Importantly, Richards establishes the global context in which the military-style force was established and its methodology. 'The Native Police,' the book points out, 'were certainly not a police force in the ordinary sense of the word; today, they would be called Special Forces.'

In a chapter entitled 'The Native Police and other colonial forces', Richards assesses colonial policing practices in other parts of Australia and the world—in India, Sri Lanka, the Caribbean, throughout the Cape Colony of South Africa, North America and during the Japanese expansion into Taiwan and other Pacific territories, beginning in the 1890s. The book also touches on the military connections in Australian colonial society—the old boy networks, where sons of British military families who had fought in other parts of the British Empire could gain prestigious appointments and make fortunes from land speculation.
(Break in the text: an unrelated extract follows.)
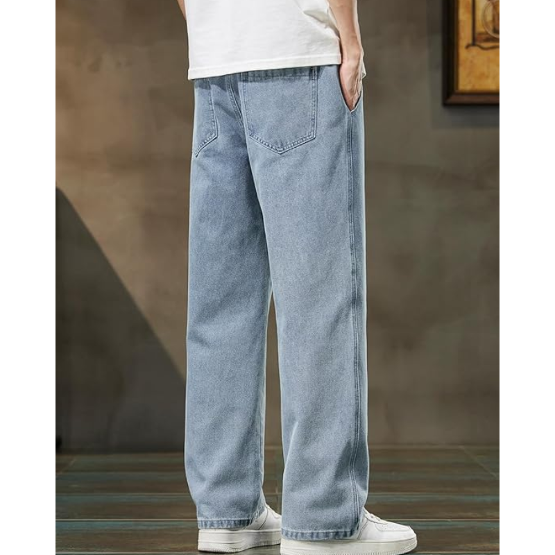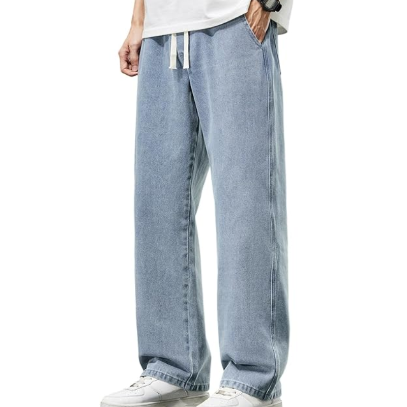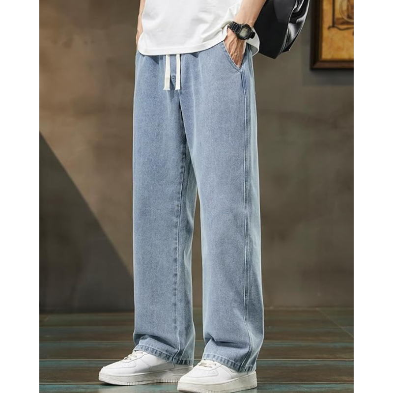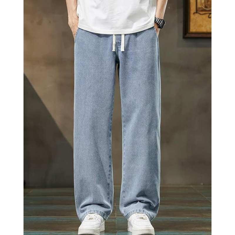กางเกงยีนส์ทรงตรงขาตรงสำหรับผู้ชาย – กางเกงยีนส์ทรงหลวมเอวยางยืดพร้อมเชือกผูกและกระเป๋าสไตล์ Y2K

Native Police camps, like other squads deployed in colonial war settings, followed the ever-extending settlement frontier as it moved north and west across Queensland. Young Aboriginal men were specifically targeted by police because they would fight back, as were the old, who were the defenders of language and culture. The women, called 'gins', and children were either left orphaned or seized as the spoils of war with sexual abuse a regular occurrence.

The book's final chapter considers the question of genocide and carefully assesses this issue within the context of the colonisation of Queensland. Richards explains that in an atmosphere of vengeance, fear, and racial arrogance, many settlers advocated the complete extermination of the Aboriginal people and the actions of the Native Police led to genocidal outcomes with families and tribes massacred in cold blood.

But the colonial parliament and judiciary never advocated the extermination of the Aboriginal people, and killing indigenous people was officially unlawful. The book, moreover, quotes from numerous sources, including letters to newspaper editors from local settlers, public servants, church leaders and others deeply concerned about the violence being directed against Queensland's indigenous population.

Despite this, and the regular discovery of the charred remains of murdered Aborigines, the police, courts and the government turned a blind eye. No police officers were found guilty of any of the crimes perpetrated against Aboriginal people. Officers accused of the most blatant acts were quietly dismissed or others conveniently absconded after being charged. The undeclared war, in fact, remained 'a secret', with legislation preventing witnesses from accompanying the police on their patrols.

In dispassionately exposing many of the crimes committed against Queensland's indigenous people by the Native Police, The Secret War provides a partial but nonetheless important answer to the so-called History Warriors—a group of revisionist and right-wing academics led by Keith Windschuttle, author of The Fabrication of Aboriginal History—who have attempted to deny this history and blame Aboriginal people themselves for their dispossession. (See 'What is at Stake in Australia's ‘History Wars'').

As Richards explains in the book's prologue: 'We will never know exactly how many dispersals took place in Queensland, or the number of Indigenous people who died during them. We can, however, gain a deeper understanding of what happened when we learn a little about the Native Police, the infamous force created to kill Aboriginal and Torres Strait Islander people in Queensland. The force operated as part of a widespread campaign of frontier racial violence in colonial Australia in general, and in Queensland in particular. In this sense, the Native Police lie close to the heart of European Australia's dark nation-making origins.'

The Secret War is another contribution towards unveiling some of the dirty secrets that Australia's ruling elite would prefer to remain hidden—a history whose consequences are still being endured by the country's indigenous population today.